Two prominent growers in South Lincolnshire have separately called for urgent changes to the UK’s employment rules in order to solve the worsening horticultural labour crisis.
Writing in her local paper, flower grower Johanna Musson, said, “I started my role as NFU County Adviser for the Holland (Lincs) area one month ago. A key current issue is the extreme labour shortages in the area, both seasonal and permanent. The horticultural and ornamental sectors are particularly badly affected with very little support currently available to them.
“Farm businesses have done everything that they can to recruit staff domestically. But even the increasingly competitive wages have not had the impact they needed as the labour pool is so limited… The main ask in the report is for a 12-month Covid 19 Recovery Visa to enable all involved in the supply chain to recruit critical roles.
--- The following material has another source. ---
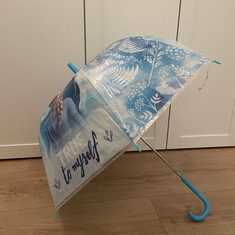 Disney Frozen II barneparaply med motiv av karakterene Elsa, Anna, Olaf og Sven. Paraplyen har flere farger og er designet for barn.

This is a cross-sector (Food and Farming) ask and a short-term measure to get businesses through the current crisis.”
Elsewhere Adam Taylor, director of Holbeach-based Taylors Bulbs warned that labour issues would be a challenge for the foreseeable future. “For Taylors, it will continue way past the end of the furlough scheme,” he said. “Unemployment in the geographical area of our farm is low – we can’t move our production elsewhere – and there is a distinct lack of applicants due to the enormous competition from other businesses in the area.
“Some work such as cropping daffodil flowers has previously been fulfilled by people who jump from harvesting edible crops one day to ornamental the next. For a mixed agricultural and horticultural business such as ours to be denied the ability to employ the same EU worker to harvest all our crops also impacts our edible production as well. It’s farcical.”
Picture caption: Taylors now farm over 750 hectares of which over 150 ha are daffodils.